According to the Korea National Oil Corporation (KNOC) Opinet on the 13th, as of the 11th, there were a total of 10,296 gas stations operating nationwide. Compared with the 10,392 stations the day before the price cap took effect (Mar. 13), the total fell by 96 over three months. A simple calculation shows operations ceased at a rate of one per day.
Even before, the number of gas stations nationwide had been decreasing every year. But the decline steepened after the price cap took effect. At the start of the year, there were 10,437 gas station business sites nationwide, and 45 gas stations stopped operating in the three months leading up to the cap. Compared with the three months since the petroleum price cap took effect, the closure pace has effectively doubled to 96.
Gas stations are closing primarily because profitability has worsened. According to the Ministry of Data and Statistics (MODS), operating margins at gas stations were 17.8% in 1991 and 11.5% in 2001, but fell to 1.7% in 2023. The gas station association estimates that margins at many stations have recently dropped into the 0% range.
In particular, independent gas stations are facing severe operating challenges recently. Consumers defect even if prices are just 1 won per liter (ℓ) higher than nearby stations, forcing them to compete on price with refinery-operated stations and budget stations that have cheaper supply prices. The supply prices that refiners charge individual stations have been disclosed, further heightening consumers' price sensitivity.
Many owners say they lose money the more petroleum products they sell. As of the morning of the 12th, the nationwide average retail price of gasoline was 2,009.66 won per liter. If gasoline is sold at that price, after subtracting the 6th price cap gasoline supply price of 1,934 won and a 30 won card fee, 44.66 won per liter remains. Gas station owners say that after deducting various operating costs such as labor and electricity, nothing is left.
Differences in refinery support measures for gas stations are also intensifying price competition. SK Energy decided to provide 30 won per liter for petroleum products ordered by independent stations during the price cap period. According to Opinet, in the fourth week of May, SK Energy's average gasoline supply price to stations was 1,927.21 won, cheaper than GS Caltex (1,929.64 won), S-Oil (1,931.62 won) and HD Hyundai Oilbank (1,933.47 won).
However, retail prices to consumers vary depending on factors such as inventory drawdown timing and station location. In the first week of June, gasoline prices by refinery brand were lowest at budget stations (1,996.21 won), followed by S-Oil (2,010.89 won), HD Hyundai Oilbank (2,011.05 won), GS Caltex (2,013.61 won) and SK Energy (2,014.44 won).
Although side effects from the prolonged price cap are growing, the government believes conditions are not yet in place to consider ending it. The Ministry of Trade, Industry and Resources previously said the conditions for ending the cap include the lifting of the Strait of Hormuz blockade so passage is free, and international oil prices stabilizing below $90 per barrel without a sharp surge.

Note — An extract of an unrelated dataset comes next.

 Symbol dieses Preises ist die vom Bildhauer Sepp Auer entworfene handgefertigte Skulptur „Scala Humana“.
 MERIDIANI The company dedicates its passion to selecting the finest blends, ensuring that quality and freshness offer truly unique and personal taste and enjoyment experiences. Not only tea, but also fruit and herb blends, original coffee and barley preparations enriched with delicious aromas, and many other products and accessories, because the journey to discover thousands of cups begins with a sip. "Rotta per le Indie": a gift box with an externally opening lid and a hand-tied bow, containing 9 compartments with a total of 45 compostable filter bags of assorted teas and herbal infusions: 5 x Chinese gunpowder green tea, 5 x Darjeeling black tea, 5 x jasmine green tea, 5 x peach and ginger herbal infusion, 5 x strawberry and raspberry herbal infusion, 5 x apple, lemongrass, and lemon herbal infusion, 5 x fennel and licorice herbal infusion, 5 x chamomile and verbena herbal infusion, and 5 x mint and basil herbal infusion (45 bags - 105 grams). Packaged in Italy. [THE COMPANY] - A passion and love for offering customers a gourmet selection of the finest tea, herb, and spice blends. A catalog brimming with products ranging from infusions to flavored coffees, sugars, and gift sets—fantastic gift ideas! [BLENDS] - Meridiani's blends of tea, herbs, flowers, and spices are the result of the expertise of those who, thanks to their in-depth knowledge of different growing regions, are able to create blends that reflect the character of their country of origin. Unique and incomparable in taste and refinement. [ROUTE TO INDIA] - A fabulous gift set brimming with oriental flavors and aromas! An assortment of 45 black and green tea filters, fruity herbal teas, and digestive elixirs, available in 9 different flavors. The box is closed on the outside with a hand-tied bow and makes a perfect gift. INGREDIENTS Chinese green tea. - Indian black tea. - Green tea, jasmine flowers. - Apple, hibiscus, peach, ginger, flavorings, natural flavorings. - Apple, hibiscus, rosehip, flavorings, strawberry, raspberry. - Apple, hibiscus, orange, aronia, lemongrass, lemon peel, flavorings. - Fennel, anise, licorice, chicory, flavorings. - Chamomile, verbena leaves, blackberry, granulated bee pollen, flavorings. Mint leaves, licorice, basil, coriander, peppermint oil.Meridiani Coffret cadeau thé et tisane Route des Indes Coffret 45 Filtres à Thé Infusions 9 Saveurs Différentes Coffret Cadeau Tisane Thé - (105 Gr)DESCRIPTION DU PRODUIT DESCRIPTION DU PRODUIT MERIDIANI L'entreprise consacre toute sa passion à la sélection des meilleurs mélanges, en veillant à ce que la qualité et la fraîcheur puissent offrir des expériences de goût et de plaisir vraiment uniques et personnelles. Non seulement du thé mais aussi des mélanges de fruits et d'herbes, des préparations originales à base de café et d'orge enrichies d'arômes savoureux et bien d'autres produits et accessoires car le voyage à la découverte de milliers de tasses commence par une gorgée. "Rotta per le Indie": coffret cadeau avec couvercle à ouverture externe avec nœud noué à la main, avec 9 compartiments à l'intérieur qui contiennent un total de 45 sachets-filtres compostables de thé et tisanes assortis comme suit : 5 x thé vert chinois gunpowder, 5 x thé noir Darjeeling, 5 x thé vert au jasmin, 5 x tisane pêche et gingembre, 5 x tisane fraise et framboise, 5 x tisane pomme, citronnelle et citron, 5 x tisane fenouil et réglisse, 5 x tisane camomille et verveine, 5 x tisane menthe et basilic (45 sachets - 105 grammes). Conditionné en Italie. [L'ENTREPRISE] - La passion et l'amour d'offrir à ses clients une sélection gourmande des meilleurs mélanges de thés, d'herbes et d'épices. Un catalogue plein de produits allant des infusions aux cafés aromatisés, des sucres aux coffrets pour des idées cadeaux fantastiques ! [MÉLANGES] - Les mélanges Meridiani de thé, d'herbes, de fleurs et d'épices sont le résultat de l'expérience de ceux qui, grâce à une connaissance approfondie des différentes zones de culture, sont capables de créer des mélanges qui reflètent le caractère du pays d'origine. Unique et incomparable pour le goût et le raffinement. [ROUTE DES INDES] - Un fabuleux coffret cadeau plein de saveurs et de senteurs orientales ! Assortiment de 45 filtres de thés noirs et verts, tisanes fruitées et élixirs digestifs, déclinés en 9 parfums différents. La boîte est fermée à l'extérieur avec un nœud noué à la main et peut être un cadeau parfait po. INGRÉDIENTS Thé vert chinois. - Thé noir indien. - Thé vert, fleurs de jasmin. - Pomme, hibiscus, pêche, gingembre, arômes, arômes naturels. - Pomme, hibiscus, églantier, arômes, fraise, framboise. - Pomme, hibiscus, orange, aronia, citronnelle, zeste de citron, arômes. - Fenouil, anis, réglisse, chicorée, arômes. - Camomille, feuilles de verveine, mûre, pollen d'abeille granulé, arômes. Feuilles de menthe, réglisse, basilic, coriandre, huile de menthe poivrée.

An announcement related to the 7th price cap is scheduled for the 18th, and the current system is likely to continue for the time being. An official at the Ministry of Trade and Industry (MOTI) said, "The Strait of Hormuz blockade is ongoing, so it is hard to say stability has been achieved," adding, "International oil price volatility is high, making it difficult to judge that price instability has been resolved."